Mrs. Condon applauded more vigorously than was sanctioned by the
others' necessity for elegance; the frank clapping of her pink palms
never failed to betray a battery of affected and significant
surprise in eyes like--polished cold agates. Linda, seated beside
her parent, could be seen to lay a hand, narrow and blanched and
marked by an emerald, on the elder's knee. Her pale fine lips moved
rapidly with the shadow of trouble beneath the intense black bang.

"I wish you wouldn't do it so loudly, mother," was what she
whispered.




II


The jealously guarded truth was that, by her daughter at least, Mrs.
Condon was adored. Linda observed that she was not like an ordinary
mother, but more nearly resembled a youthful companion. Mrs. Condon's
gaiety was as genuine as her fair hair. Not kept for formal occasion,
it got out of bed with her, remained through the considerable
difficulties of dressing with no maid but Linda, and if the other
were not asleep called a cheerful or funny good night.

Their rooms were separated by a bath, but Linda was scarcely ever in
her own--her mother's lovely things, acting like a magnet,
constantly drew her to their arrangement in the drawers.
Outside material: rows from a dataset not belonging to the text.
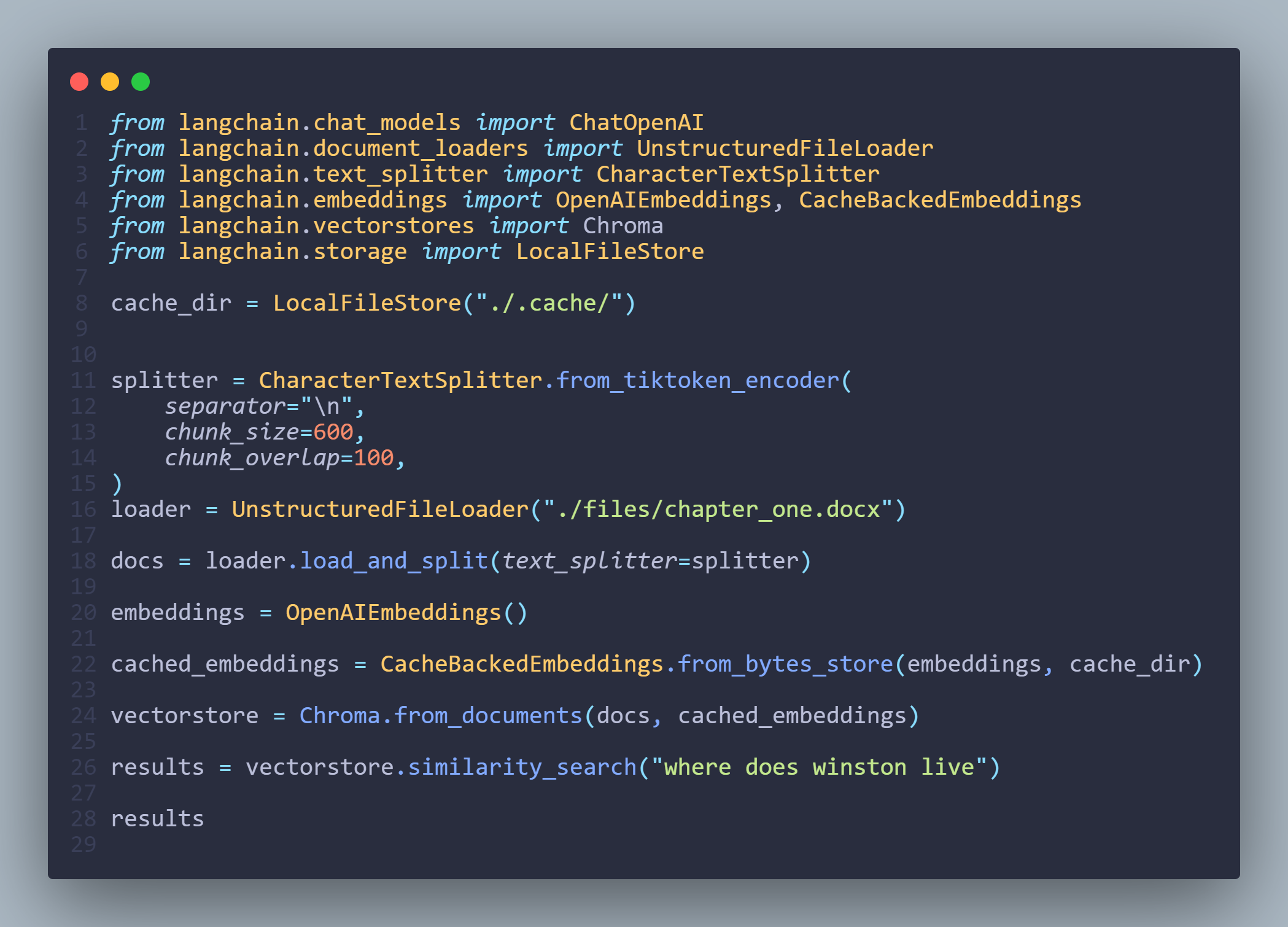 [Document(page_content="Winston turned round abruptly. He had set his features into the expression of quiet optimism which it was advisable to wear when facing the telescreen. He crossed the room into the tiny kitchen. By leaving the Ministry at this time of day he had sacrificed his lunch in the canteen, and he was aware that there was no food in the kitchen except a hunk of dark-coloured bread which had got to be saved for tomorrow's breakfast. He took down from the shelf a bottle of colourless liquid with a plain white label marked VICTORY GIN. It gave off a sickly, oily smell, as of Chinese ricespirit. Winston poured out nearly a teacupful, nerved himself for a shock, and gulped it down like a dose of medicine.", metadata={'source': './files/chapter_one.docx'}), Document(page_content="Winston turned round abruptly. He had set his features into the expression of quiet optimism which it was advisable to wear when facing the telescreen. He crossed the room into the tiny kitchen. By leaving the Ministry at this time of day he had sacrificed his lunch in the canteen, and he was aware that there was no food in the kitchen except a hunk of dark-coloured bread which had got to be saved for tomorrow's breakfast. He took down from the shelf a bottle of colourless liquid with a plain white label marked VICTORY GIN. It gave off a sickly, oily smell, as of Chinese ricespirit. Winston poured out nearly a teacupful, nerved himself for a shock, and gulped it down like a dose of medicine.", metadata={'source': './files/chapter_one.docx'}), Document(page_content='Winston kept his back turned to the telescreen. It was safer, though, as he well knew, even a back can be revealing. A kilometre away the Ministry of Truth, his place of work, towered vast and white above the grimy landscape. This, he thought with a sort of vague distaste -- this was London, chief city of Airstrip One, itself the third most populous of the provinces of Oceania. He tried to squeeze out some childhood memory that should tell him whether London had always been quite like this. Were there always these vistas of rotting nineteenth-century houses, their sides shored up with baulks of timber, their windows patched with cardboard and their roofs with corrugated iron, their crazy garden walls sagging in all directions? And the bombed sites where the plaster dust swirled in the air and the willow-herb straggled over the heaps of rubble; and the places where the bombs had cleared a larger patch and there had sprung up sordid colonies of wooden dwellings like chicken-houses? But it was no use, he could not remember: nothing remained of his childhood except a series of bright-lit tableaux occurring against no background and mostly unintelligible.', metadata={'source': './files/chapter_one.docx'}), Document(page_content='Winston kept his back turned to the telescreen. It was safer, though, as he well knew, even a back can be revealing. A kilometre away the Ministry of Truth, his place of work, towered vast and white above the grimy landscape. This, he thought with a sort of vague distaste -- this was London, chief city of Airstrip One, itself the third most populous of the provinces of Oceania. He tried to squeeze out some childhood memory that should tell him whether London had always been quite like this. Were there always these vistas of rotting nineteenth-century houses, their sides shored up with baulks of timber, their windows patched with cardboard and their roofs with corrugated iron, their crazy garden walls sagging in all directions? And the bombed sites where the plaster dust swirled in the air and the willow-herb straggled over the heaps of rubble; and the places where the bombs had cleared a larger patch and there had sprung up sordid colonies of wooden dwellings like chicken-houses? But it was no use, he could not remember: nothing remained of his childhood except a series of bright-lit tableaux occurring against no background and mostly unintelligible.', metadata={'source': './files/chapter_one.docx'})]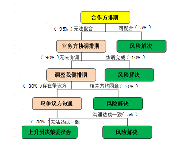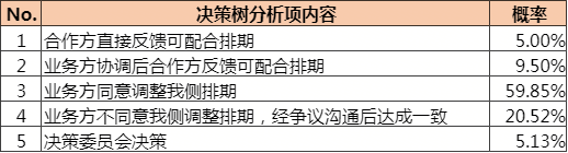根据每个决策事件,进一步分析其发生概率,计算每个决策结果发生的最终概率,那我们就可以把更多的精力放到高概率决策结果的应对中去。根据上面每个决策结点的概率,易知最终调整我侧排期并跟相关方达成一致的概率最高,那我们就应将风险应对重点在这之前过程。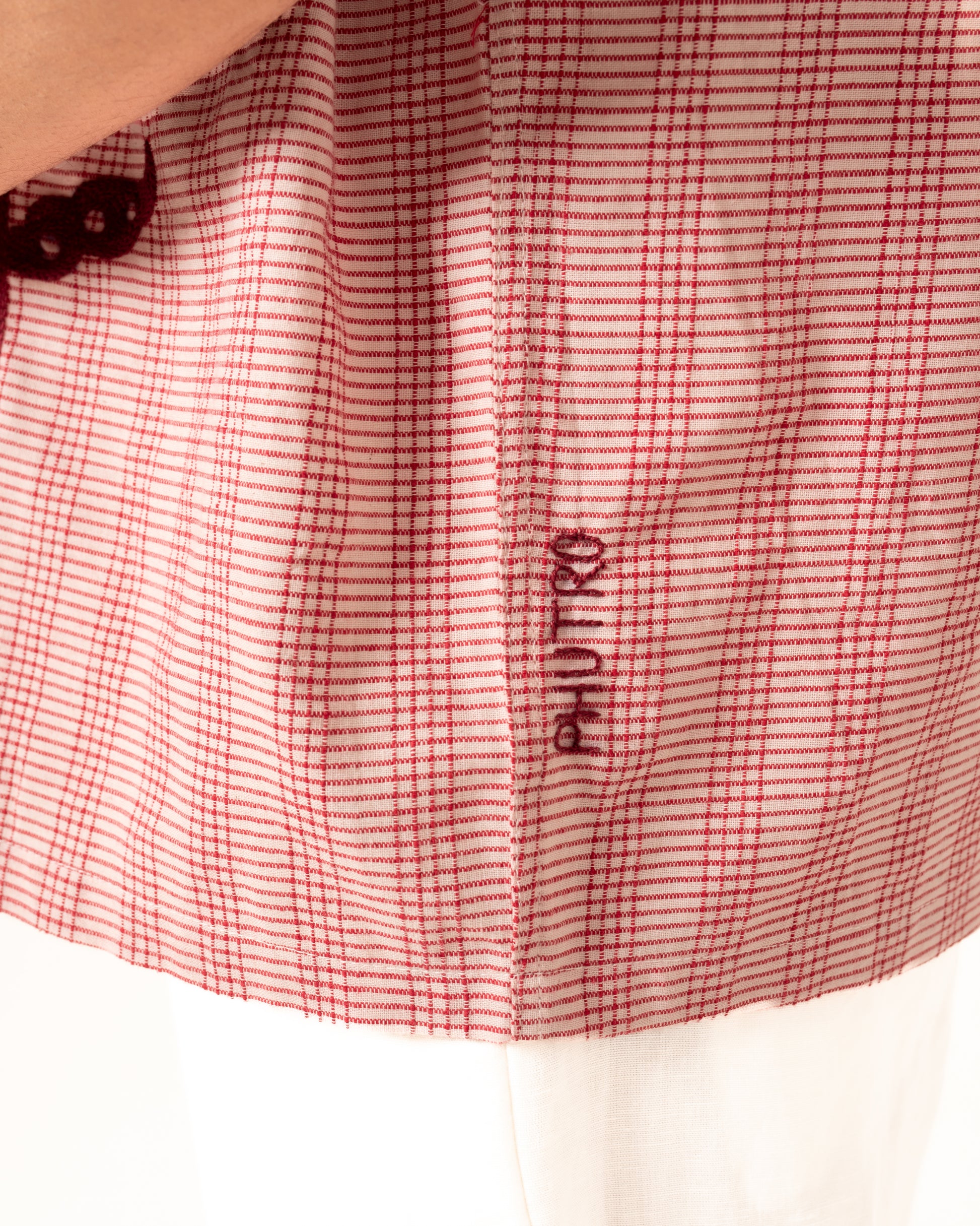 This handwoven khadi cotton shirt is crafted by skilled artisans at the PHUTRO Workshop, with each piece taking several days to complete. The cotton is hand-spun using a charkha and woven on traditional looms, reflecting a slow, mindful process. Once the fabric is ready, artisans hand-mark the design and carefully embroider each motif stitch by stitch, dedicating hours a day to ensure precision. The result is a unique, breathable shirt that showcases true craftsmanship, combining the art of handwoven fabric and intricate hand embroidery.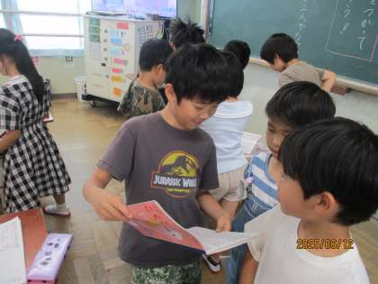 文章が出来上がり、友達と見せ合いっこして楽しんでいました。

When the
laundry came up, crisp and fragile webs heaped on the bed, Linda
laid it away in a sort of ritual. Even with these publicly invisible
garments a difference of choice existed between the two: Mrs.
Condon's preference was for insertions, and Linda's for shadow
embroidery and fine shell edges. Mrs. Condon, shaking into position
a foam of ribbon and lace, would say with her gurgle of amusement,
"I want to be ready when I fall down; if I followed your advice
they'd take me for a nun."

This brought out Linda's low clear laugh, the expression of her
extreme happiness. It sounded, for an instant, like a chime of small
silver bells; then died away, leaving the faintest perceptible flush
on her healthy pallor. At other times her mother's humor made her
vaguely uncomfortable, usually after wine or other drinks that left
the elder's breath thick and oppressive. Linda failed completely to
grasp the allusions of this wit but a sharp uneasiness always
responded like the lingering stale memory of a bad dream.

Once, at the Boscombe, her mother had been too silly for words: she
had giggled and embraced her sweet little girl, torn an expensive
veil to shreds and dropped a French model hat into the tub. After a
distressing sickness she had gone to sleep fully dressed, and Linda,
unable to move or wake her, had sat long beyond dinner into the
night, fearful of the entrance of the chambermaid.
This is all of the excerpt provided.